Hasta el fin del mundo

Qaagk0Bf_400x400Maruan Soto Antaki*

Twitter: @_Maruan

Texto publicado originalmente en revista Nexos

En algún momento habrá que preguntarse dónde estuvieron los ojos del planeta mientras en Myanmar se confirmaba lo inmenso que pueden ser las decepciones. Al hacerlo, deberemos preguntarnos, también, qué hizo creer que se le prestó suficiente atención a la violencia en un territorio que se encuentra al fin de todo. Hasta el fin del mundo, canta su himno, vivirá Myanmar. Pero sólo vivirá parte. Los que no, murieron o huyeron de la limpieza étnica.

¿Existe concepto más perverso que ése? Como si alguna característica de los humanos tuviera la posibilidad de ensuciar.

Noticias sobre Myanmar han aparecido en las últimas semanas en todos los medios, nacionales e internacionales. Más de cuatrocientos mil musulmanes Rohingyas, uno de los ciento treinta y cinco grupos étnicos que viven en el país, han tenido que huir a Bangladesh para salvar la vida.

En el estado Rokhine, al oeste de Myanmar, los militares quemaron sus casas y los acusaron a ellos de quemarlas.
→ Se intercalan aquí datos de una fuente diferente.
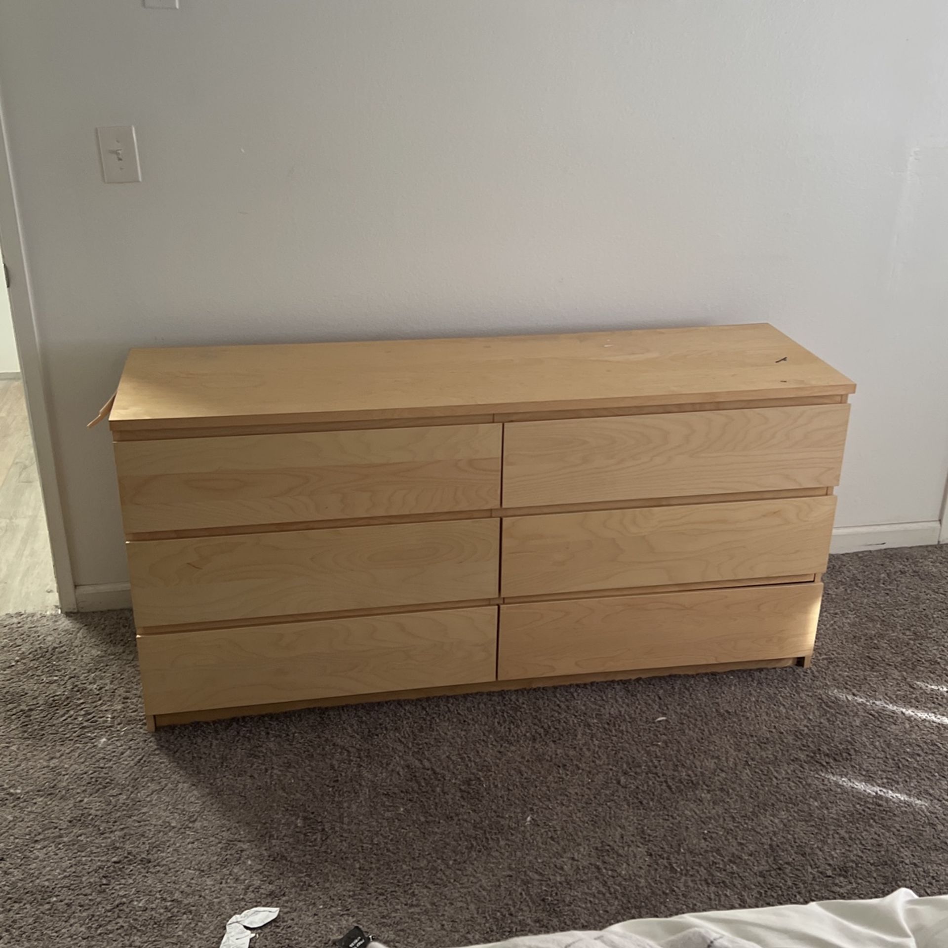 Six drawer wooden dresser. In OK condition. Bottom right drawer is broken. Must be willing to come pick up from 2nd story building, no delivery, no assistance moving. Length: 63 inches width: 19 inches height: 30.5 inches

Mujeres y niños fueron asesinados por los militares. Trescientos setenta terroristas, según datos oficiales.

En este caso no es la indiferencia de costumbre lo que llama a pensar. Sino la dirección equivocada en la mirada hacia un país asiático con más de cincuenta millones de habitantes, hacia una Nobel de la Paz que pasó del encarcelamiento al poder, hacia una nación que —por instantes— se entendió como el ejemplo de posibilidades de transición de un gobierno dictatorial y militar a uno civil. Tal vez, una vez más, hacia la manipulación de conceptos como la soberanía y la democracia.

Las perversiones de Myanmar piden urgencia y representan la necesidad del mundo entero, Occidente incluido, de revisar sus modelos y condescendencias.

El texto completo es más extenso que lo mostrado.